Publications /  Annual Report 2001

From the Director General

Rising to the challenge Challenge is a word that looms large in my mind as I look back on 2001. During the year, as we celebrated CIP's 30th anniversary, we were faced with challenges far beyond those envisaged in our founding charter.

CIP and the other Future Harvest Centers of the Consultative Group on International Agricultural Research (CGIAR) were being asked to increase our relevance as agents of sustainable development by significantly expanding our impact on poverty and the environment. At the same time, we were experiencing shortfalls that reflected a tilt away from agricultural research in the development funding balance.

Yet we were determined to rise to the challenge. In the words of our Chairman, Ian Johnson, "Put simply, sustainable development is . . . not just a moral imperative. . . Rather, it has become a global strategic priority for the survival of our planet."

At the system level, we began to forge new, high-impact research programs targeting complex issues of global and regional importance. Appropriately named Challenge Programs, these are founded on innovative partnerships linking the Future Harvest Centers among themselves, as well as with numerous other actors. CIP has taken the lead in formulating two of these programs, while actively seeking ways to contribute to others in areas where we have relevant expertise.

Meanwhile, CIP staff and management were assessing our achievements over three decades to extract the lessons on which we would base our institutional strategy for moving forward. This Annual Report presents several illustrative examples from work under way in 2001. Insects feel the heat (page 45), for example, illustrates how CIP's strong linkages and our expertise in integrated pest management, steadily developed over the years through research on intensive potato and sweetpotato production systems, are allowing us to nurture new systemwide efforts to deal with climate change.

Waste not, want not (page 37) shows how our research on root and tuber products and processing, firmly grounded in participatory processes, and our collaboration with other Future Harvest Centers on issues ranging from water management to waste disposal, are coming together to make a difference in the lives of urban dwellers and farmers.

In Heading for the Summit (page 27), we see how support to new institutional approaches in the Andes and alliances with diverse partners to unravel the complexities of mountain ecosystems have made us the CGIAR's center of choice to convene the Global Mountain Program. And Pesticide poisoning (page 17) shows how the powerful data gathering and analysis tools designed to support decision making in complex mountain environments not only are helping to curb serious damage to farmers' well-being, environments and incomes; they also have wide potential for application across the world's fragile - and vital - mountain ecosystems.

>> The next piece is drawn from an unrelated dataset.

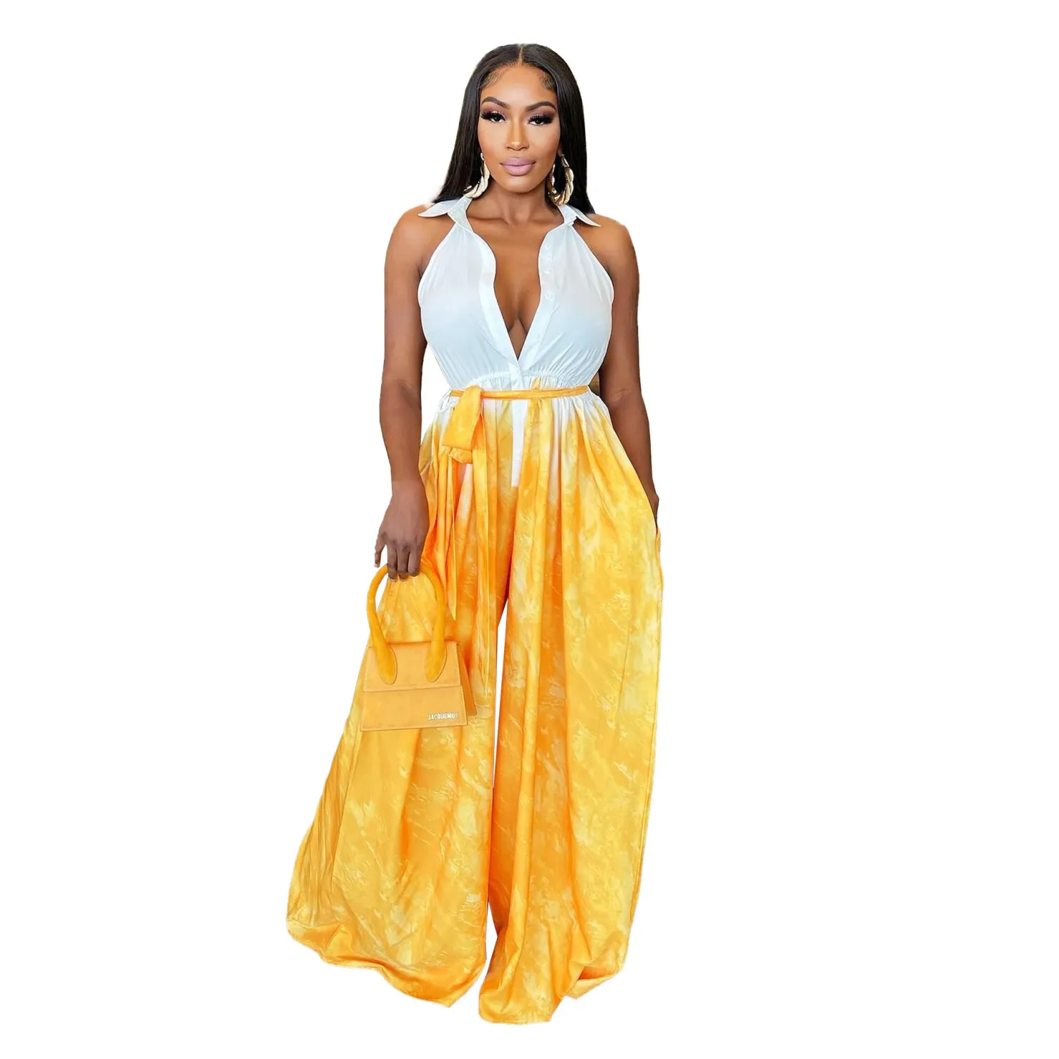 | Product Name | Women Sexy Print Shirt Collar Wide Leg Lace-Up Jumpsuit |

Tapping into biodiversity (page 55) demonstrates how CIP's germplasm collections, at the heart of our research, continue to be a key source of impact. CIP-generated potato varieties have spread throughout China answering urgent food and income needs for hundreds of thousands of people (Cooperation pays, page 65). And our experience with crop conservation and improvement have helped us to turn the hardy, yet often disparaged, sweetpotato from a last-choice subsistence crop into a vital weapon in the battle to end micronutrient deficiency in Sub-Saharan Africa (Nutritious and delicious, page 9).

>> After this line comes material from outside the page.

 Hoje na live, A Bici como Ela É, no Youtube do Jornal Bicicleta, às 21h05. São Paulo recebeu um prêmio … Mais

As we evaluate these achievements we are confident, but not complacent.

Experience has shown us that the challenge of sustainable development will not be met with a simple sum of accomplishments, no matter how impressive these are. If we are to respond effectively to the "global strategic priority" described by Ian Johnson - generating concerted impact on the interrelated issues of poverty, hunger, health and environment - we need to use formulas that will greatly increase the power of our successes to produce change.

Two crucial questions continue to emerge: How are we to produce this wide impact with ever-narrowing resources and in a more tightly focused research environment? How are we, with our mission to conduct agricultural research of excellence, to broaden our boundaries without stepping out of our bounds?

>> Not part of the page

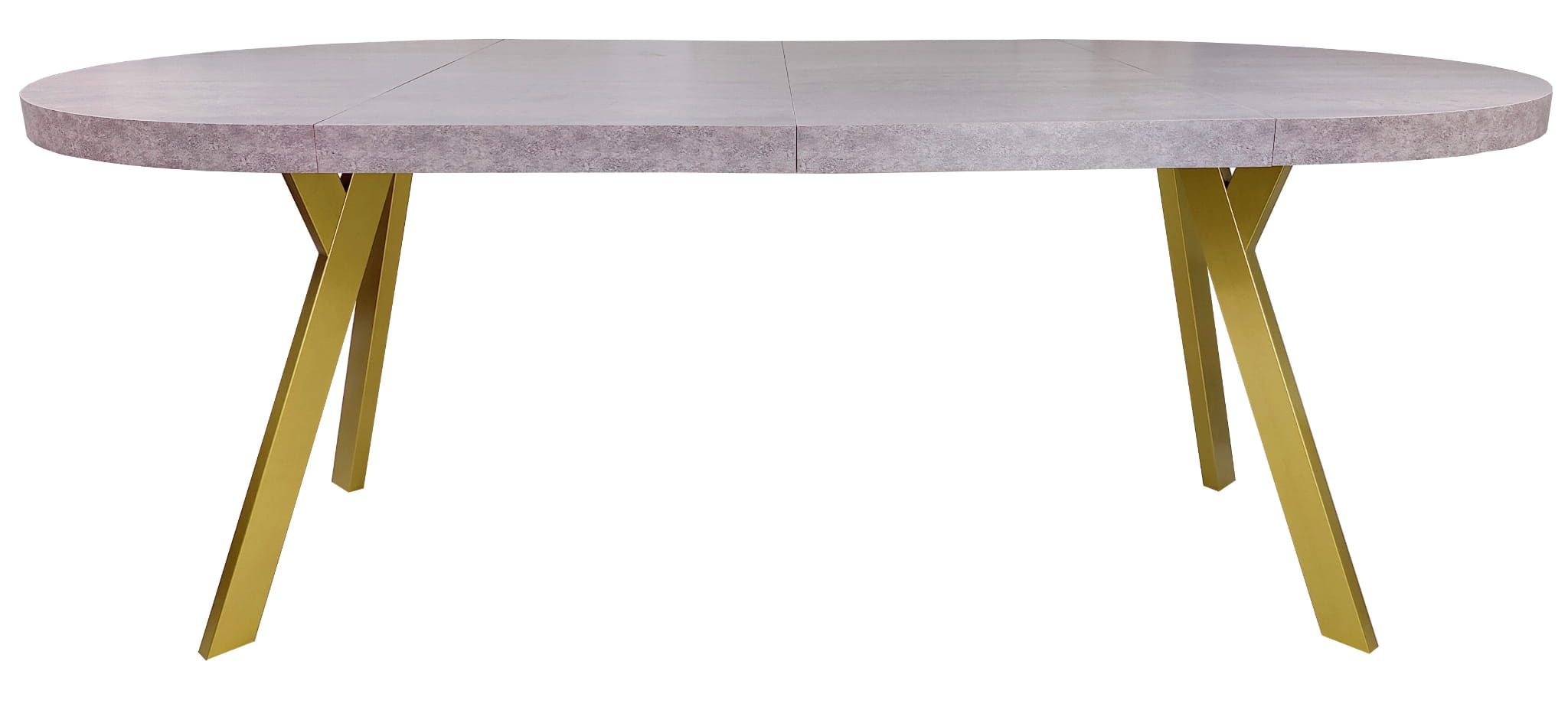 Stół okrągły rozkładany Ø 90/190 beton jasny + złote nogi metal Y

We have found our answer in convergence.

Our future actions - much like our achievements in the past - must be solidly founded on partnerships that will allow us to take our research further, broaden its scope or complete its cycle. In this way, we can have an impact in areas that are otherwise beyond our reach and we can close the gaps that would allow our technologies to fall through the cracks somewhere along the food or policy chain.

By cultivating innovative alliances we can ensure not only more food, but more purchasing power through value-adding activities, less dependence on external inputs and greater local competence. By building on complementarities and avoiding redundancy, we can translate increases in soil productivity and curbs on degradation into more secure habitats with healthier, more productive people, capable of making the decisions that will bring them out of subsistence into self-reliance.

The challenge may, at times, seem daunting. But through partnership we hope to turn sustainable development from an admirable concept into an attainable goal.